H1,5 Japan en China, bewoners van de global Village Geen stof. H1,6 globalisering, economisch bekeken Door instorten van communisme in Oost-Europa en door toetreden van China tot de WTO (Wereldhandelsorganisatie) is de markteconomie het leidende economische systeem geworden. Hierdoor is liberalisering van de wereldhandel sterk toe genomen. Mno s = Multinationale organisaties Mno s worden ondersteunt door: verbetering transport en communicatie Vrijhandel (geen importheffingen) Deregulering van de financiële markten waardoor banken en Beurzen internationaal kunnen opereren De mno s gebruiken productieketens van over de hele wereld. (voor een trui: wol uit Kazachstan, Taiwan wordt het wol gekleurd, China wordt de wol tot stof geweven etc.) H1,7 Globalisering, politiek beken Voordat de globalisering in een stroomversnelling kwam, was de nationale staat de baas in zijn eigen land. Door globalisering is de macht van de soevereine staat verminderd.
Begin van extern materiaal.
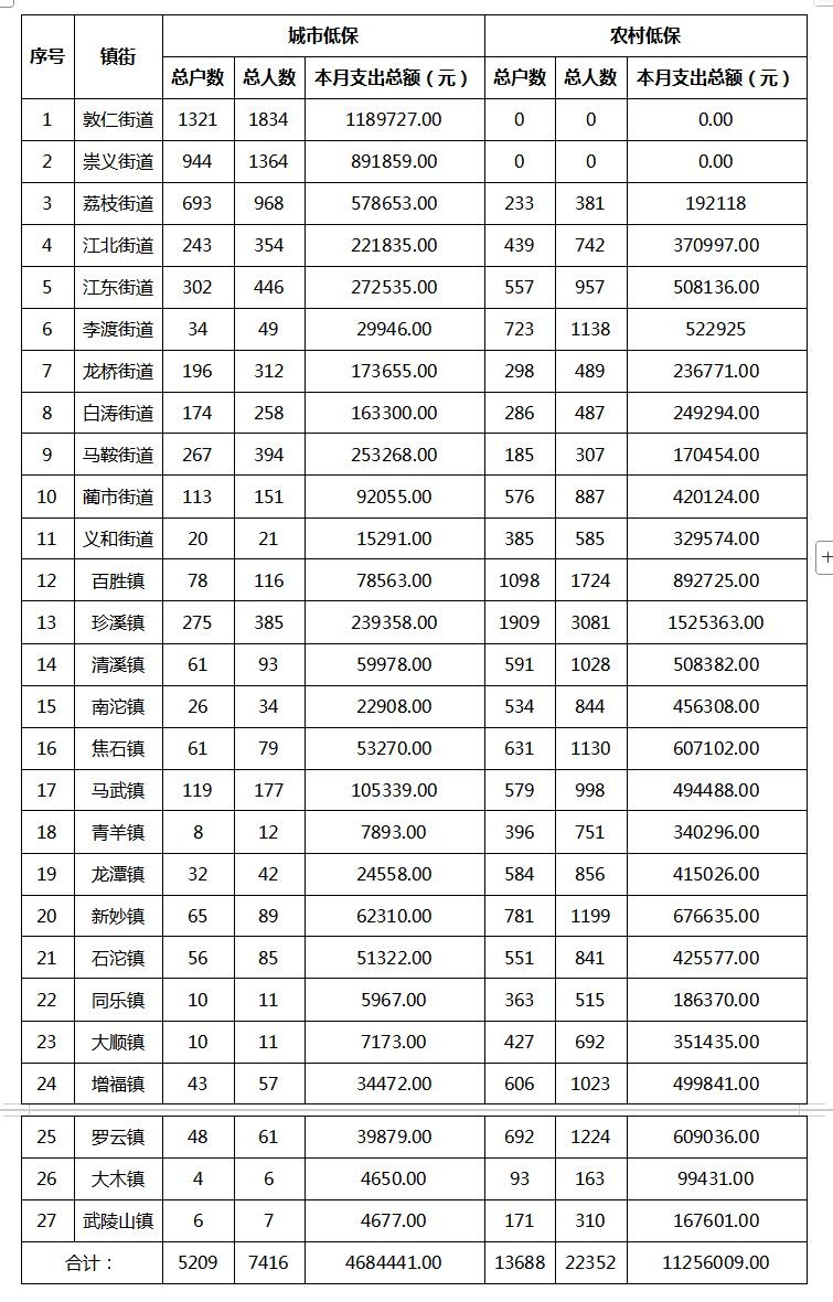 2025年10月涪陵区城乡居民最低生活保障金发放汇总表

Een deel van de invloed van de staat is verschoven naar: Internationale organisaties Verenigde Naties (VN), de Wereldbank en op Europese schaal de EU. Transnationale organisaties. Internationaal actieve organisaties die niet gebonden zijn aan een staat. Ngo s (niet-gouvernementele organisaties) zoals het Rode Kruis. Internationale actiegroepen zoals Greenpeace en Artsen zonder Grenzen. Lagere bestuursniveaus Grote steden presenteren zich internationaal als een zelfstandig bestuursorgaan dat probeert bedrijven en mensen naar hun stad te lokken. Wereldorde = de manier waarop de wereld op economisch, politiek en sociaal-cultureel terrein is georganiseerd Door val van berlijnse muur ( 89) werden verschillende ontwikkelen in gang gezet die de wereldorde veranderde: Economische en politieke barrières worden opgeruimd. Nationale grenzen vervagen Landen zoeken aansluiting en steun bij elkaar om hun posities op de wereldmarkt te verbeteren Door deze verschillende ontwikkelen treed er blokvorming (aansluiting en steun bij elkaar zoeken om positie te verbeteren) op. Een voorbeeld van blokvorming is de EU.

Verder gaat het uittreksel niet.